What you are asked to do: Please retype all of the records below word for word, leaving out any pictures.

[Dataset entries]
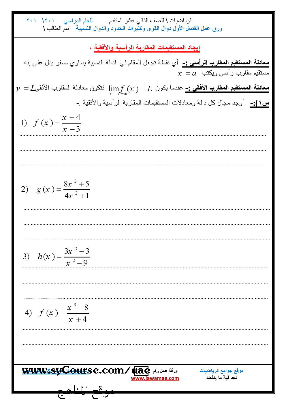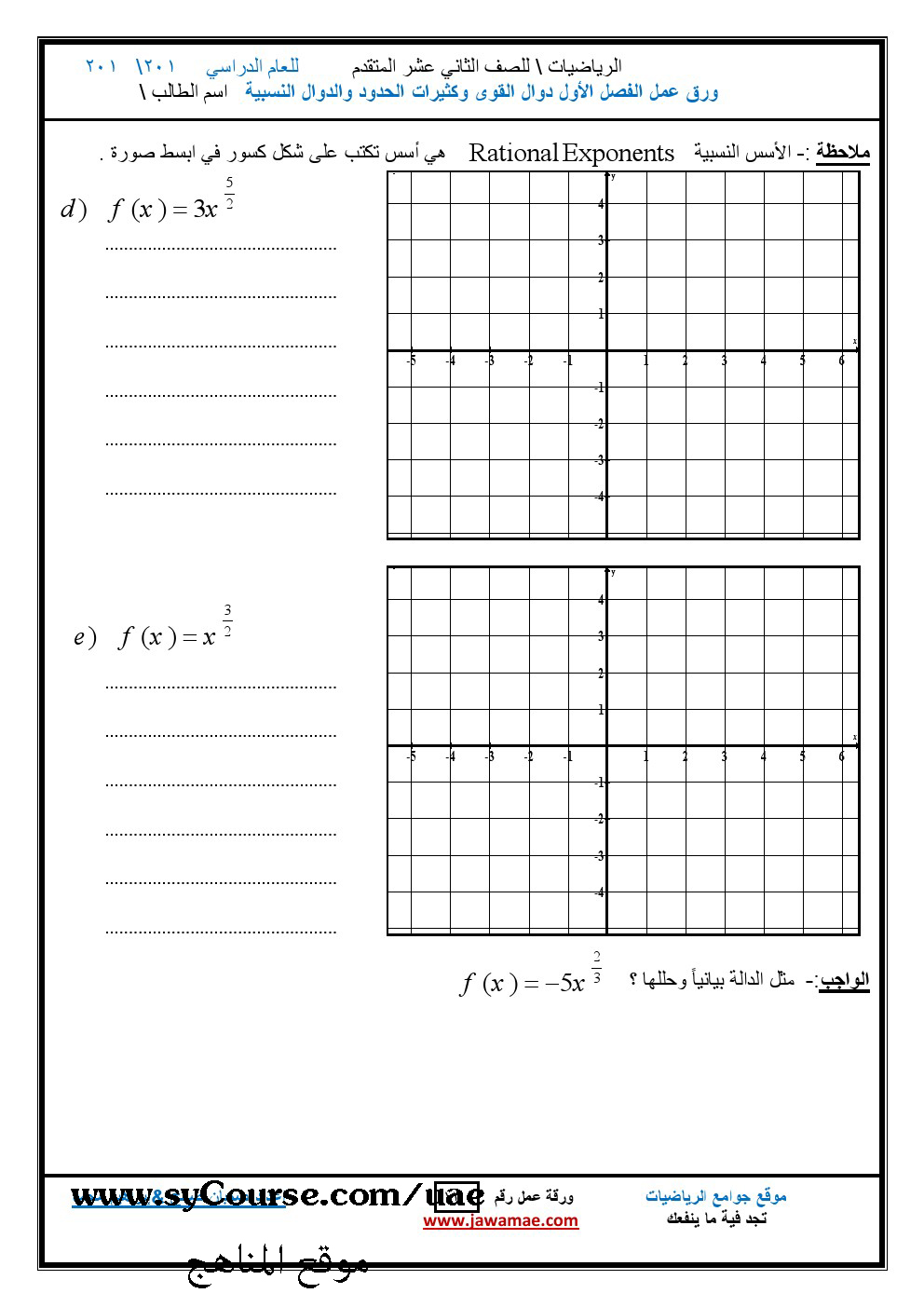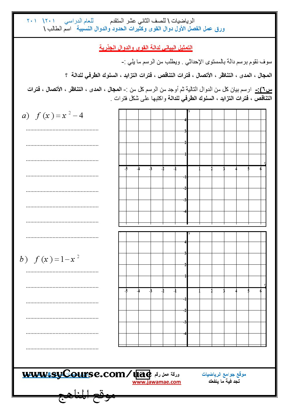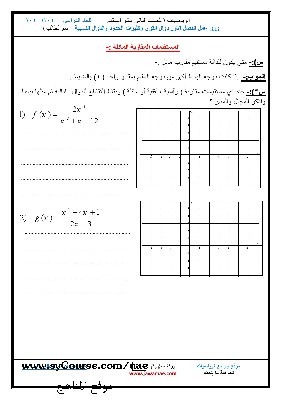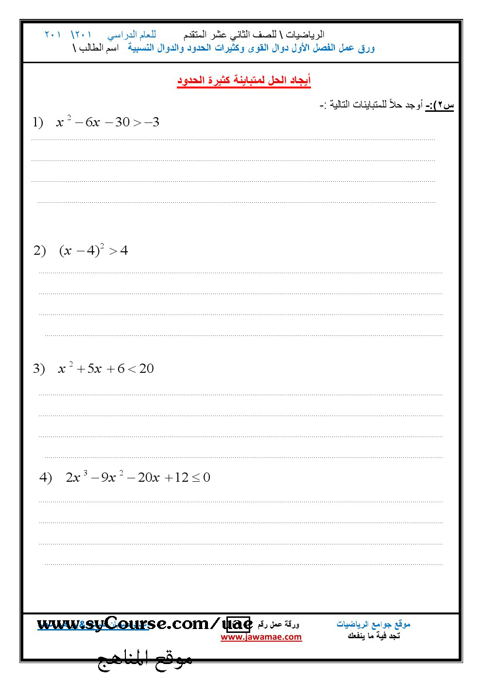 الصف الثاني عشر المتقدم, الفصل الأول, رياضيات, جميع أوراق عمل 2016-2017 لتحميل الملف على شكل كتاب الكتروني اتبع الرابط الاتي: http://upload.sycourse.com/download.php?f=math.pdf
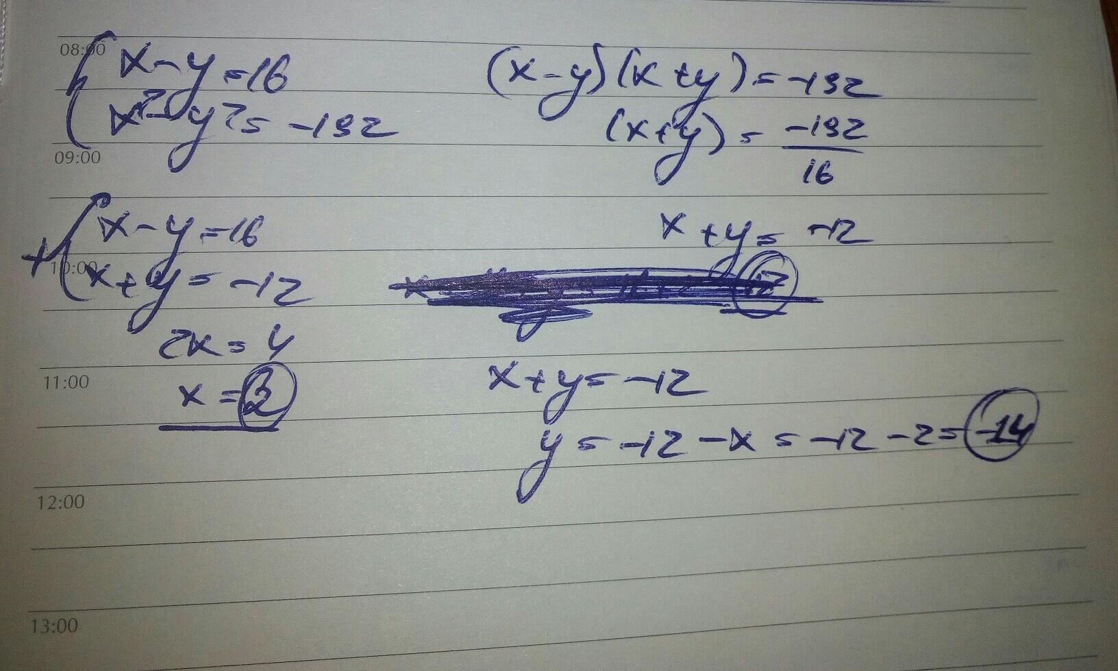 Решите задчу с помощью составления уравнения.Разность двух чисел равна 16,а разность их квадратов равна -192.Найдите эти числа. ПЛИЗЗЗЗ
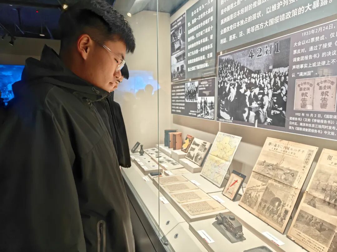 展馆内,“九一八事变”的历史印记在展陈中愈发清晰。泛黄的报刊字里行间浸着民族危亡的焦灼,锈迹斑斑的抗联枪械凝着先烈的热血余温,黑白照片里东北同胞的不屈眼神,与侵略者的暴行画面形成刺目的对比。
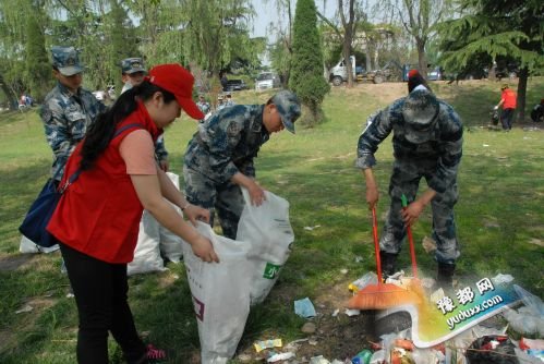 绿色环保行军民携手保护母亲河活动现场。
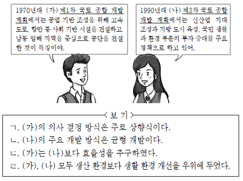 다음은 국토 종합 개발 계획에 관한 대화 내용이다. (가), (나)에 대한 옳은 설명을 <보기>에서 고른 것은?
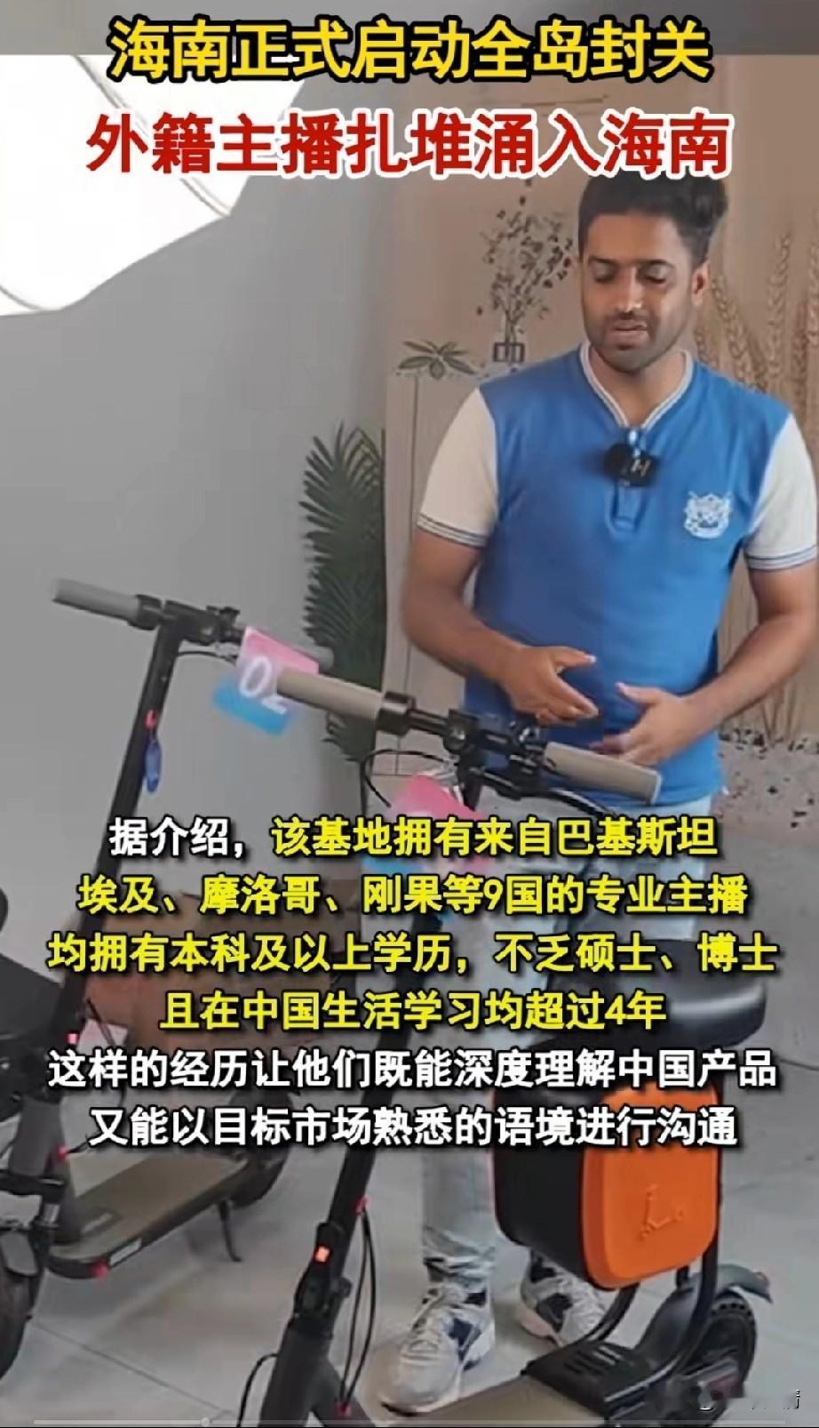 海南岛正式启动全岛封关, 以后这里面就是贸易区了, 这瞬间吸引了很多的外籍主播, 这些人都是来自巴基斯坦,埃及,摩洛哥,刚果金,印度等国家, 而且都有本科及以上学历,不乏硕博, 并且在中国生活学习长达四年, 这条件一出直接大家都明白了, 说白了这些外籍主播就是在中国留学的那一批留学生, 上学不要钱还有高额奖学金, 生活上还有生活补助, 本科及硕博基本都在混日子, 如今毕业之后还得安排工作, 美美的都去当了跨境电商主播, 将中国的商品介绍给本国的国民, 工资也是相当的高, 留学生的上学就业问题真是一条龙解决了,完善的服务给他们带来了很好的体验,以后就会有更多的学生愿意来国内留学,毕竟不用花1分钱,还能挣好多, 国内其实是有很多英语专业毕业的人才,他们也是可以去做跨境电商, 只不过没有人家留学生竞争力大, 毕竟人家老外皮肤自带天然优势, 大家对于外籍主播扎堆海南跨境贸易怎么看? 老外的那些事 海南封关 海南自贸区封关 海南封关税收 封关海南 海南封关创业 海南岛封关买房
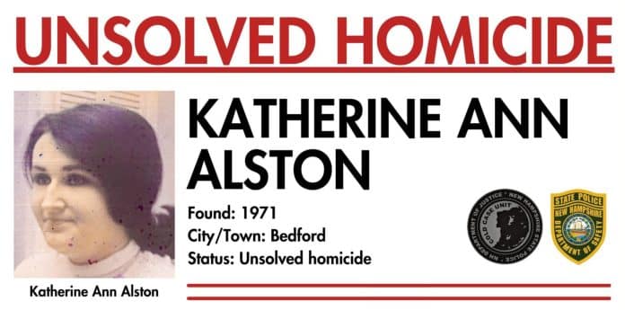 Bedford, NH – New Hampshire State Police have identified the victim in a 1971 unsolved homicide as 26-year-old Katherine Ann Alston of Boston, Massachusetts, following more than five decades of investigation.
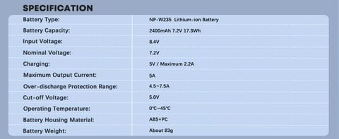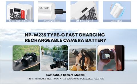 Khả năng tương thích rộng: Những loại pin này tích hợp liền mạch với nhiều mẫu máy ảnh Fujifilm khác nhau, bao gồm X-T5, X-T4, VG-XT4, X-S20, GFX50SII, GFX100S, X-H2 và X-H2S. Cho dù chụp ảnh chuyên nghiệp hay quay video độ nét cao, những loại pin này đều cung cấp nguồn điện ổn định và đáng tin cậy.
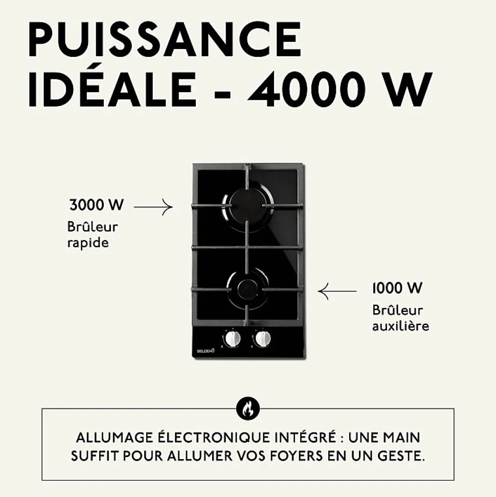 - Puissance : AV brûleur auxiliaire 1000 Watts – AR brûleur rapide 3000 Watts
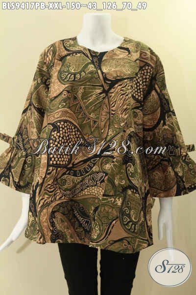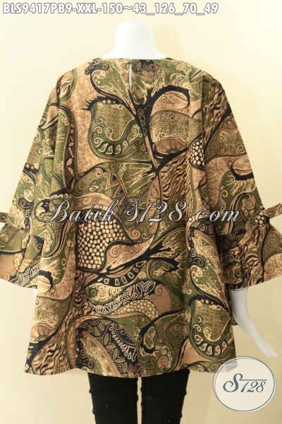 Busana Batik Kerja Big Size Spesial Untuk Wanita Gemuk, Blouse Batik Model Kancing Belakang Lengan 7/8 Di Lengkapi Pita, Tampil Trendy Dan Kekinian [BLS9417PB-XXL]
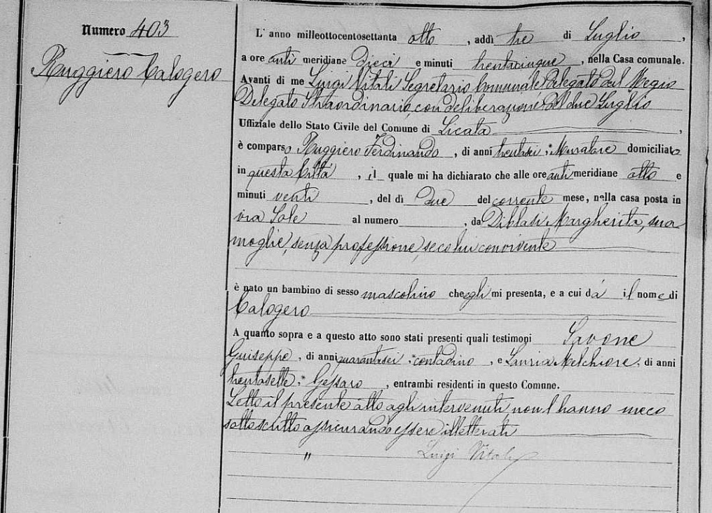 Calogero Ruggerio was born on July 2, 1878 in Licata, Agrigento, Sicily, Italy. He and
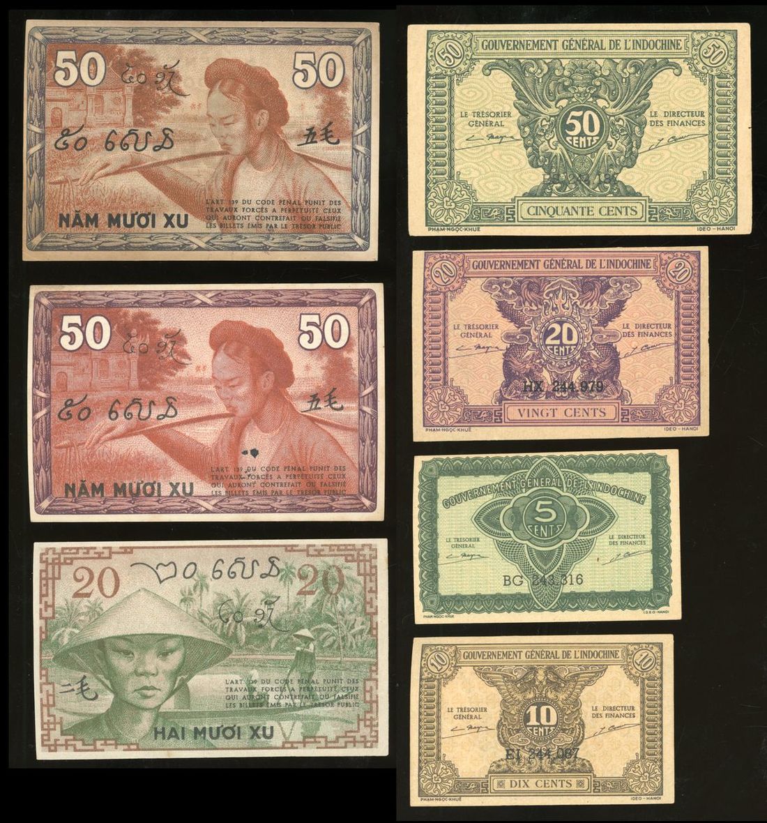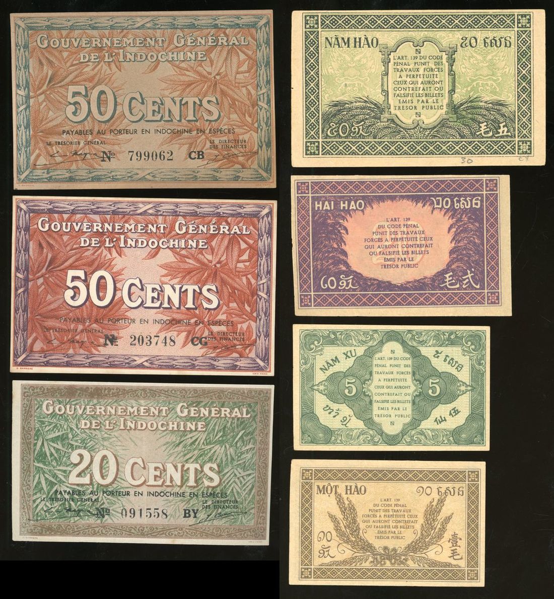 Gouvernement Général de l'Indochine, French Indochina, a group of 7x, including: 20 cents, 2x 50 cents, 5 cents, 10 cents, 20 cents and 50 cents,
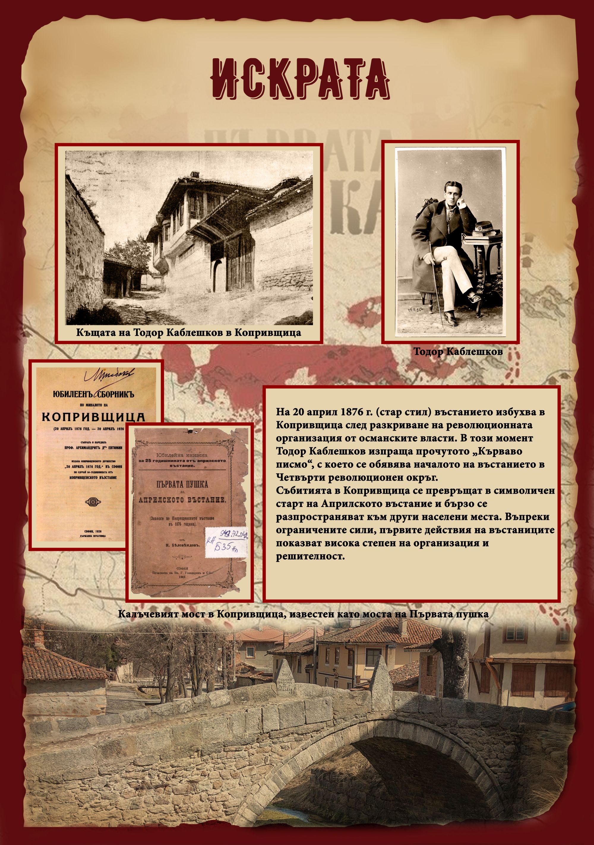 Националният литературен музей и къща музей „Иван Вазов“ допълват изложбата с редки автентични материали – портрети на водачите на въстанието, снимки, ръкопис на речта на Иван Вазов, посветена на 45-тата годишнина от Априлското въстание. Сред експонатите е и макетът на „Черешовото топче“, превърнало се в най-емблематичния „запазен знак“ на Априлското въстание. Особено място заемат изданията на над двадесет езика на романа „Под игото“, които свиделстват, как българската история и духовен код преминават далеч зад границите на страната и се превръщат в част от световното културно наследство.

Your response:
 الصف الثاني عشر المتقدم, الفصل الأول, رياضيات, جميع أوراق عمل 2016-2017 لتحميل الملف على شكل كتاب الكتروني اتبع الرابط الاتي: http://upload.sycourse.com/download.php?f=math.pdf
 Решите задчу с помощью составления уравнения.Разность двух чисел равна 16,а разность их квадратов равна -192.Найдите эти числа. ПЛИЗЗЗЗ
 展馆内,“九一八事变”的历史印记在展陈中愈发清晰。泛黄的报刊字里行间浸着民族危亡的焦灼,锈迹斑斑的抗联枪械凝着先烈的热血余温,黑白照片里东北同胞的不屈眼神,与侵略者的暴行画面形成刺目的对比。
 绿色环保行军民携手保护母亲河活动现场。
 다음은 국토 종합 개발 계획에 관한 대화 내용이다. (가), (나)에 대한 옳은 설명을 <보기>에서 고른 것은?
 海南岛正式启动全岛封关, 以后这里面就是贸易区了, 这瞬间吸引了很多的外籍主播, 这些人都是来自巴基斯坦,埃及,摩洛哥,刚果金,印度等国家, 而且都有本科及以上学历,不乏硕博, 并且在中国生活学习长达四年, 这条件一出直接大家都明白了, 说白了这些外籍主播就是在中国留学的那一批留学生, 上学不要钱还有高额奖学金, 生活上还有生活补助, 本科及硕博基本都在混日子, 如今毕业之后还得安排工作, 美美的都去当了跨境电商主播, 将中国的商品介绍给本国的国民, 工资也是相当的高, 留学生的上学就业问题真是一条龙解决了,完善的服务给他们带来了很好的体验,以后就会有更多的学生愿意来国内留学,毕竟不用花1分钱,还能挣好多, 国内其实是有很多英语专业毕业的人才,他们也是可以去做跨境电商, 只不过没有人家留学生竞争力大, 毕竟人家老外皮肤自带天然优势, 大家对于外籍主播扎堆海南跨境贸易怎么看? 老外的那些事 海南封关 海南自贸区封关 海南封关税收 封关海南 海南封关创业 海南岛封关买房
 Bedford, NH – New Hampshire State Police have identified the victim in a 1971 unsolved homicide as 26-year-old Katherine Ann Alston of Boston, Massachusetts, following more than five decades of investigation.
 Khả năng tương thích rộng: Những loại pin này tích hợp liền mạch với nhiều mẫu máy ảnh Fujifilm khác nhau, bao gồm X-T5, X-T4, VG-XT4, X-S20, GFX50SII, GFX100S, X-H2 và X-H2S. Cho dù chụp ảnh chuyên nghiệp hay quay video độ nét cao, những loại pin này đều cung cấp nguồn điện ổn định và đáng tin cậy.
 - Puissance : AV brûleur auxiliaire 1000 Watts – AR brûleur rapide 3000 Watts
 Busana Batik Kerja Big Size Spesial Untuk Wanita Gemuk, Blouse Batik Model Kancing Belakang Lengan 7/8 Di Lengkapi Pita, Tampil Trendy Dan Kekinian [BLS9417PB-XXL]
 Calogero Ruggerio was born on July 2, 1878 in Licata, Agrigento, Sicily, Italy. He and
 Gouvernement Général de l'Indochine, French Indochina, a group of 7x, including: 20 cents, 2x 50 cents, 5 cents, 10 cents, 20 cents and 50 cents,
 Националният литературен музей и къща музей „Иван Вазов“ допълват изложбата с редки автентични материали – портрети на водачите на въстанието, снимки, ръкопис на речта на Иван Вазов, посветена на 45-тата годишнина от Априлското въстание. Сред експонатите е и макетът на „Черешовото топче“, превърнало се в най-емблематичния „запазен знак“ на Априлското въстание. Особено място заемат изданията на над двадесет езика на романа „Под игото“, които свиделстват, как българската история и духовен код преминават далеч зад границите на страната и се превръщат в част от световното културно наследство.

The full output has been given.